Hans Peter and Kristine lived in a log cabin just south of where the East Lake Lillian Cemetery is located today and where the Methodist Church was built in 1890-91. Hans Peter’s first two children, Hattie and Hannah were born there.

He bought land in 1888 about 2 miles south in the same township: East Lake Lillian. Three more children, Olaf, Hilmer and Mamie were born there.

School District #81 had been built in 1887 about ½ mile west from where Hans Peter located and build his home and other farm buildings.

Across the road from Hans Peter’s farm a little settlement with a creamery was built in 1896. A post office, grocery store, bank, blacksmith shop and other businesses and homes followed. This thriving community was named Thorpe

Thorpe 1912 - L-R - Chicken Coop, Food Mill, Hanson's Barn, Anderson's Chicken House, E.J. Strom Barn, Mary Anderson House (E. J. Strom lived upstairs), Post Office, Bank, E. J. Strom Grocery, Buttermaker's House, Creamery, Ice House for Creamery. All of these buildings were moved 2 1/2 miles west in 1923 and became Lake Lillian

When the railroad was built to a place 2 miles west of Hans Peter’s farm in 1923 the business places and homes of Thorpe were moved there and that became the village of Lake Lillian. Eventually all traces of Thorpe disappeared


Karl Hartvik Hanson, Hans Peter Hanson, Anton Bernt Hanson
taken around 1905 in Atwater, Minnesota

Hans Peter traveled from home to Norway to spend Christmas in 1905 with the family there, returning early in 1906.

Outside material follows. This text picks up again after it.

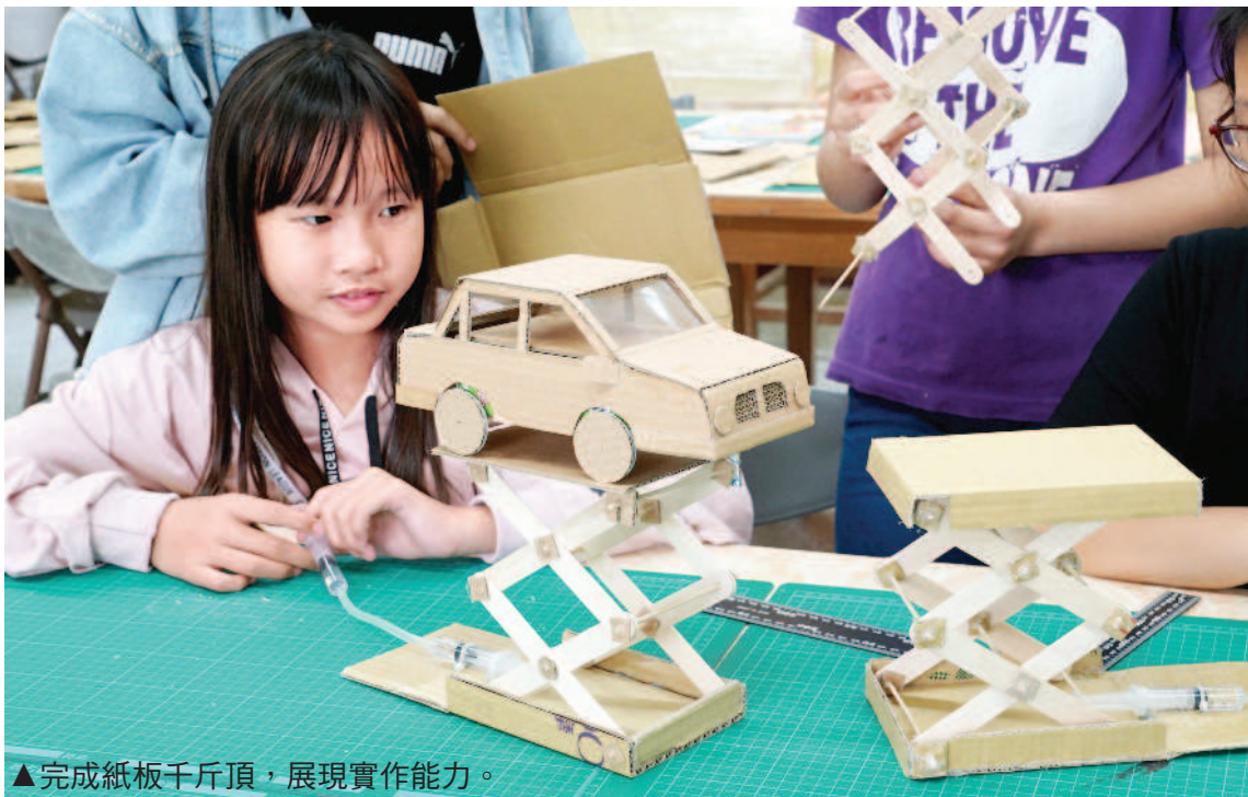
▲完成紙板千斤頂，展現實作能力。

Hans Peter Hanson with his brother Edvard Larson Hansen in the middle,
Wilhelm Andreas Johanssen brother in law on the right.
Taken in Norway 1905/06

Family - BR - Olaf, Hattie, Hannah - FR - Hans Pete, Mamie, Olga, Hilmer, Kristine

In 1914 Hans Peter’s older son Olaf and wife rented the home farm by Thorpe. Hans Peter and Kristine moved ½ mile south to a farm named “the Forty.” Here they lived until 1919 when they retired from farming and moved to 1532 Monroe Street NE, Minneapolis, Minnesota.

They had been united with the Norwegian Danish Methodist Episcopal Church in 1889 (Charter members) where they were active members until they moved to Minneapolis.

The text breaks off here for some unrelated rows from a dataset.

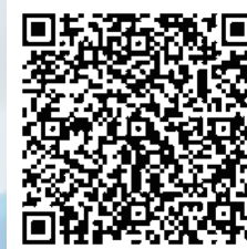
菁英全國賽報名表單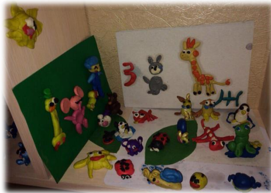
Работа с психологом и волонтерами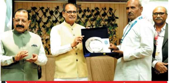
आत्मनिर्भर भारत और आयात पर निर्भरता घटाने की ठोस राह

▶ पराली से सड़क तक बायो-बिटुमेन की ऐतिहासिक पहल- शिवराज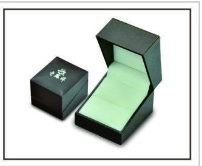
contenitori di monili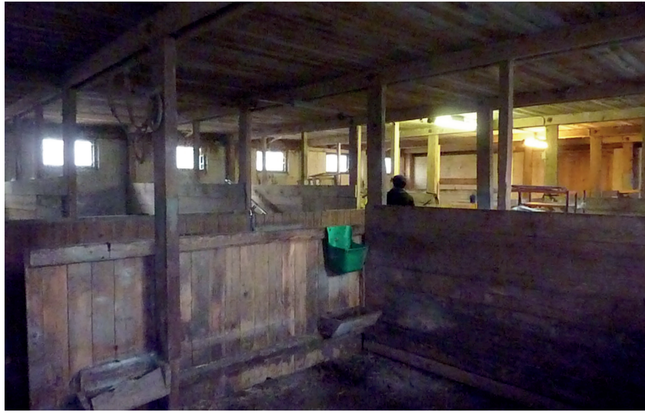
Staldens indre før omdannelse, 2013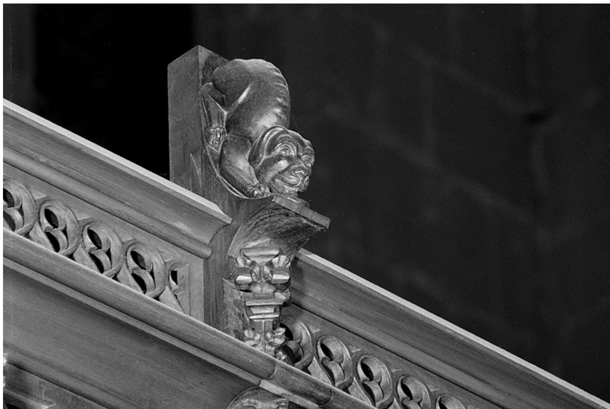
Vue de la neuvième statuette : chien, vu de trois quarts gauche.

Hans Pete and Kristine taken in 1920s or 1930s

Kristine was a good wife and mother. She is remembered as a sweet, quiet, gentle Christian woman. She crocheted rugs and sewed together torn strip of cloth for hand woven rugs. Her health had been poor for many years and she suffered patiently. She spent the last months of her life with her daughter, Hattie Trygestad. Kristine died on April 9, 1934 and is buried at the Methodist Cemetery (now known as the East Lake Lillian Cemetery).

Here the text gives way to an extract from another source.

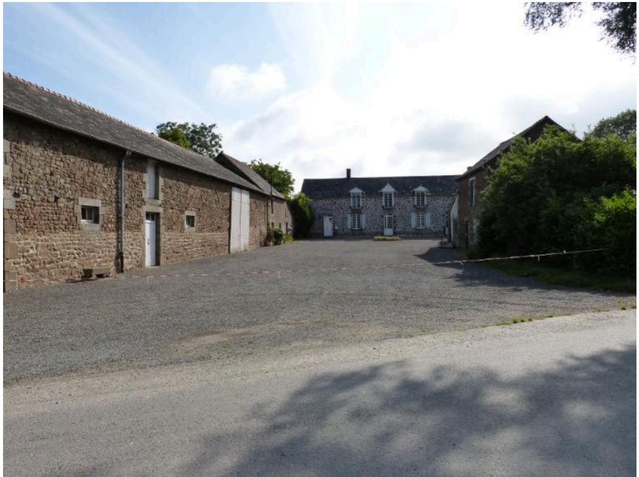
Vue d'ensemble ouest

After Kristine died, Hans Peter continued to live in his Minneapolis home until he entered St. Barnabus Hospital in January 1943, where he was a patient until June 19. While in the hospital, gangrene developed in his left foot necessitating the amputation of the leg just below the knee. Ice was used on his leg before the operation. He was fitted with an artificial leg which he tried to wear. He never succeeded in using it but he was competent with crutches. When he left the hospital, he was taken to the home of his daughter, Hattie Trygestad. By this time Olaf and his family had moved to California, and Christ and Hattie had moved to the family farm. He lived with Hattie and Christ until his death on October 6, 1943. He is buried next to Kristine in the Methodist Cemetery near where the log cabin had been located in 1885 when they were first married. Funeral services were held at the Methodist Church.

Hans Peter and Kristine Hanson had 5 children

There are 24 grandchildren scattered from coast to coast.